Further, while the GHCN surface temperatures and satellite measured lower troposphere temperatures more or less agree in absolute value, they have different trends. This is particularly true of the recent Karl, et al., 2015 “Pause Buster” dataset adopted by NOAA this year. The NOAA NCEI dataset from January 2001 trends up by 0.09° C/decade and the satellite lower troposphere datasets (both the RSS and the UAH datasets) trend downward by 0.02° to 0.04° C/decade. Both trends are below the margin of error and are, statistically speaking, zero trends. But, do they trend differently because of the numerous “corrections” as described in SCC15 and Connolly and Connolly, 2014? The trends are so small it is impossible to say for sure, but the large and numerous corrections made by NOAA are very suspicious. Personally, I trust the satellite measurements much more than the surface measurements, but they are shorter, only going back to 1979.

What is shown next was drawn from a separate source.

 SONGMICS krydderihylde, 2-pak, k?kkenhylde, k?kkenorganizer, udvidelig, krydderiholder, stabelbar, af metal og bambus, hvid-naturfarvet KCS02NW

The IPCC computation of man’s effect on climate
Bindoff, et al., 2013 built numerous climate models with four components, two natural and two anthropogenic. The two natural components were volcanic cooling and solar variability. The two anthropogenic components were greenhouse warming due mainly to man-made CO2 and methane, and man-made aerosols which cool the atmosphere. They used the models to hindcast global temperatures from 1860-2012. They found that they could get a strong match with all four components, but when the two anthropogenic components were left out the CMIP5 multi-model mean hindcast only worked from 1860 to 1950. On the basis of this comparison the IPCC’s 5th assessment report concluded:
“More than half of the observed increase in global mean surface temperature (GMST) from 1951 to 2010 is very likely due to the observed anthropogenic increase in greenhouse gas (GHG) concentrations.”

The evidence that the IPCC used to draw this conclusion is illustrated in their Figure 10.1, shown, in part, above. The top graph (a) shows the GHCN temperature record in black and the model ensemble mean from CMIP5 in red. This run includes anthropogenic and natural “forcings.” The lower graph (b) uses only natural “forcings.” It does not match very well from 1961 or so until today. If we assume that their models include all or nearly all of the effects on climate, natural and man-made, then their conclusion is reasonable.

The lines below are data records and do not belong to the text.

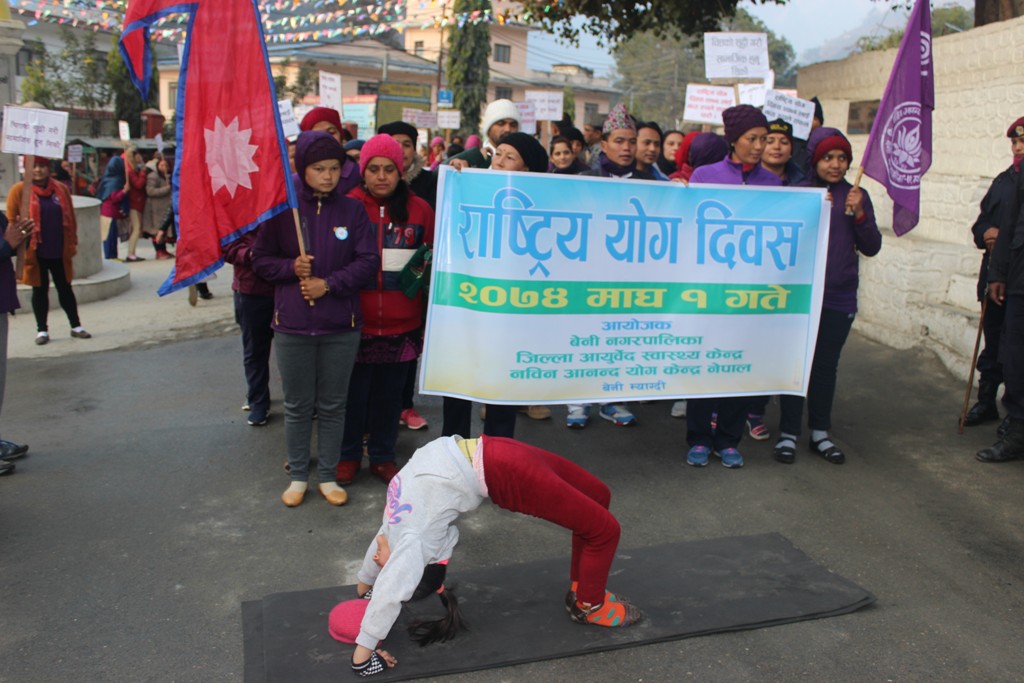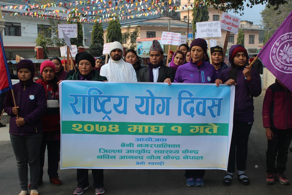 स्वस्थ्य खानपान र अनुशासित जीवनशैलीसंगै योगलाई जीवनको एउटा हिस्सा बनाउनुपर्ने जोड दिए । बदलिँदो जीवनशैली, गलत खानपानले मानिसहरू विभिन्न रोगबाट ग्रसित हुने गरेको बताउँदै योग साधनालाई हरेक दिन प्रयोग गर्नुपर्नेमा जोड दिए । तेस्रो राष्ट्रिय योग दिवसको अवसरमा बेनी नगरपालिका, जिल्ला आर्युवेद स्वास्थ्य केन्द्र र नविन आनन्द योग केन्द्रले बेनीमा आयोजित कार्यक्रममा बोल्ने बक्ताले योगले परिवार, समाज र राष्ट्रलाई प्रत्यक्ष, अप्रत्यक्ष फाईदा हुने भएकाले पनि योगको महत्वका बारेमा सहर देखी गाउँसम्म पु¥याउनुपर्नेमा जोड दिएका थिए ।
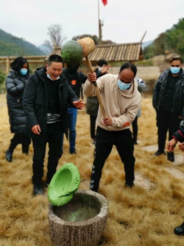 Students from abroad make sweet green rice balls in Dayan on Jan 27, 2021. [Photo by Shi Jingjing/Provided to chinadaily.com.cn]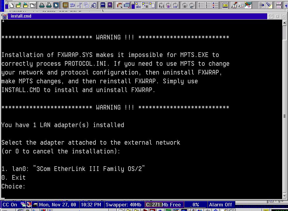Ich verwende eine Dual-Boot Konfiguration, also habe ich meinen DSL-Anschluss (ADSL im Fall Mindspring) für Windows 98 bestellt. Der Techniker kam, hat die Hard- und Software installiert, und nach anderthalb Stunden lief alles. Sobald er aus dem Haus war, bin ich daran gegangen, OS/2 ins Netz zu bringen. Nachdem unter Windows alles lief, war OS/2 die einzige Variable.
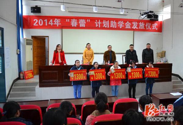 红网凤凰站12月11日讯(通讯员 田欢)12月10日,严冬临近,在凤凰县高级中学多媒体教室内却是暖意浓浓,由该县妇联组织的2014年“春蕾计划”助学金发放仪式在此举行。仪式上,该校共40名贫困获得助学金,共计52000元。

While the IPCC’s simple four component model ensemble may have matched the full GHCN record (the red line in the graphs above) well using all stations, urban and rural, it does not do so well versus only the rural stations:

Again, the CMIP5 model is shown in red. Graph (a) is the full model with natural and anthropogenic “forcings,” (b) is natural only and (c) are the greenhouse forcings only. None of these model runs matches the rural stations, which are least likely to be affected by urban heat or urbanization. The reader will recall that that Bindoff, et al. chose to use the low solar variability TSI reconstructions shown in the right half of SCC15 Figure 8. For a more complete critique of Bindoff, et al. see here (especially section 3).

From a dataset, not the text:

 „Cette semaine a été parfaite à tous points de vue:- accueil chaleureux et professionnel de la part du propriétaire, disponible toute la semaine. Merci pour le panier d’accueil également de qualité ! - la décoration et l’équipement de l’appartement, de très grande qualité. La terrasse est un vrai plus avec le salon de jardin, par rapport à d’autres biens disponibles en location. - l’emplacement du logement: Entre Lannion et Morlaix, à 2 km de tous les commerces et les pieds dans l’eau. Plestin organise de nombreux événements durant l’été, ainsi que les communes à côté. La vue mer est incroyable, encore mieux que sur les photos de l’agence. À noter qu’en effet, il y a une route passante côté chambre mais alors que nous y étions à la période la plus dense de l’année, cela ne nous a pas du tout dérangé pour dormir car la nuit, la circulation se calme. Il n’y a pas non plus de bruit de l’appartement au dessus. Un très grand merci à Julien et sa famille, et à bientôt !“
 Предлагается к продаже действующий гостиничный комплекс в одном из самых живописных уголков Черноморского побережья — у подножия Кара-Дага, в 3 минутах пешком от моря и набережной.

The Soon, et al. TSI versus the mostly rural temperature reconstruction
So what if one of the high variability TSI reconstructions, specifically the Hoyt and Schatten, 1993
reconstruction, updated by Scafetta and Willson, 2014; is compared to the rural station temperature record from SCC15?

This is Figure 27 from SCC15. In it all of the rural records (China, US, Ireland and the Northern Hemisphere composite) are compared to TSI as computed by Scafetta and Willson. The comparison for all of them is very good for the twentieth century. The rural temperature records should be the best records to use, so if TSI matches them well; the influence of anthropogenic CO2 and methane would necessarily be small. The Arctic warming after 2000 seems to be amplified a bit, this may be the phenomenon referred to as “Polar Amplification.”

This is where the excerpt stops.